Before you do anything, first check with google if they allow multiple
connection, and if they do, how many multiple connection you may start.
It won't do you much good to start 100 downloads in parallel if google
holds up 95 of them.
Of course, it's quite likely that the network is the bottleneck.
Starting up many simultaneous connections isn't going to help in
that case.
Finally, I wouldn't use threads. I'd either fork() or use a select()
loop, depending on the details of the work that needs to be done.

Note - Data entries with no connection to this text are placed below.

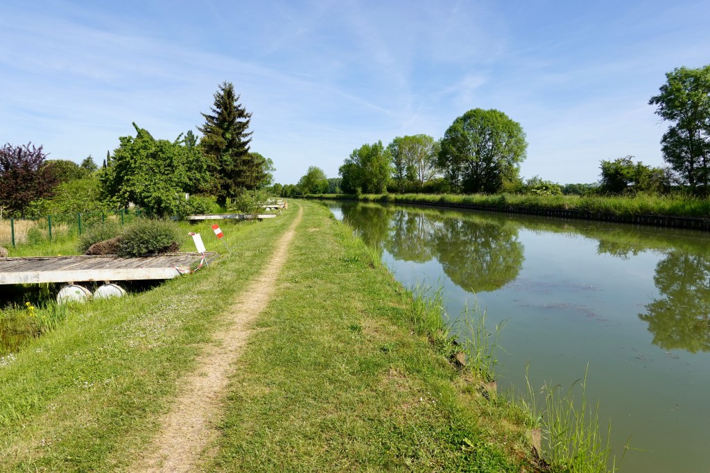 We soon hit a canal path and arrived in this little village. This church had a curious shape, square-ish at one end, rounded turrets at the other end.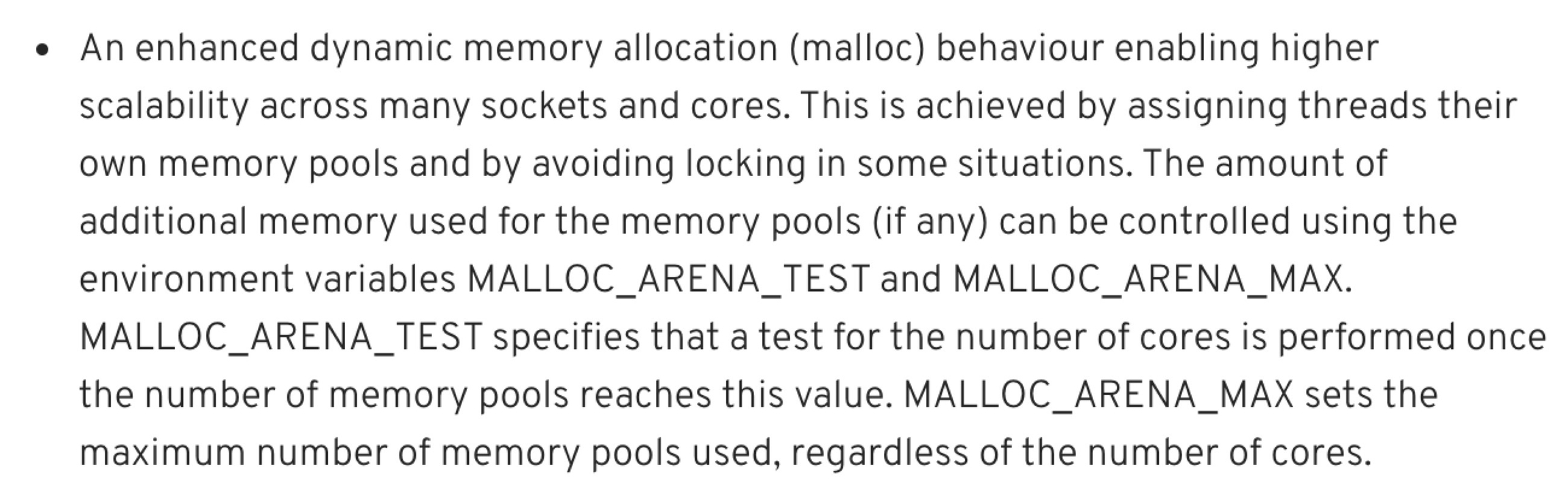 到此,基本上可以确定是内存分配器在捣鬼;搜索了一下glibc 64M,发现glibc从2.11开始对每个线程引入内存池(64位机器大小就是64M内存),原文如下: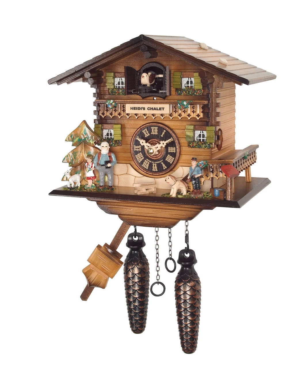 Ce modèle de coucou illustre une scène de la vie quotidienne d’Heidi, le fameux personnage de roman créé par l’écrivain suisse Johanna Spyri en 1880. C’est devenu un personnage mythique de la Suisse et fait partie des histoires les plus célèbres pour enfants.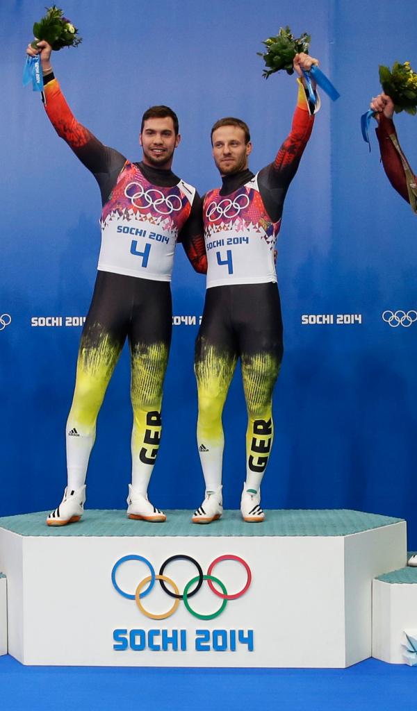 Wallpaper Tobias Arlt and Tobias Vendla German luge gold medal holders in Sochi

But then, I'm a Unix person.
Abigail
--
A perl rose: perl -e '@}-`-,-`-%-'
------------------------------
Date: Mon, 29 Jan 2007 15:42:10 GMT
From: Peter Scott <Peter@PSDT.com>
Subject: Re: Downloading lots and lots and lots of files
Message-Id: <pan.2007.01.29.15.42.08.850665@PSDT.com>
On Mon, 29 Jan 2007 06:44:02 -0800, coolneo wrote:
> First, what I am doing is legit... I'm NOT trying to grab someone
> elses content. I work for a non-profit organization and we have
> something going on with Google where they are providing digitized
> versions of our material. They (Google) provided some information on
> howto write a script (shell) to download the digitized version using
> wget.
>
> There are about 50,000 items, ranging in size from 15MB-600MB. My
> script downloads them fine, but it would be much faster if i could
> multi-thread(?) it. I'm running the wget using the sys command on a
> windows box (i know, i know, but the whole place is windows so I don't
> have much of a choice).
You could try
http://search.cpan.org/~marclang/ParallelUserAgent-2.57/lib/LWP/Parallel.pm
Looks like you'll need Cygwin.
--
Peter Scott
http://www.perlmedic.com/
http://www.perldebugged.com/
------------------------------
Date: Mon, 29 Jan 2007 12:20:43 -0500
From: Ted Zlatanov <tzz@lifelogs.com>
Subject: Re: Downloading lots and lots and lots of files
Message-Id: <g69fy9tlpg4.fsf@dhcp-65-162.kendall.corp.akamai.com>
On 29 Jan 2007, coolneo@yahoo.com wrote:
> I managed to download about 21,000 of the 50,000 items over the course
> of some time. Initally, Google was processing these items at a slow
> rate but lately they have picked it up.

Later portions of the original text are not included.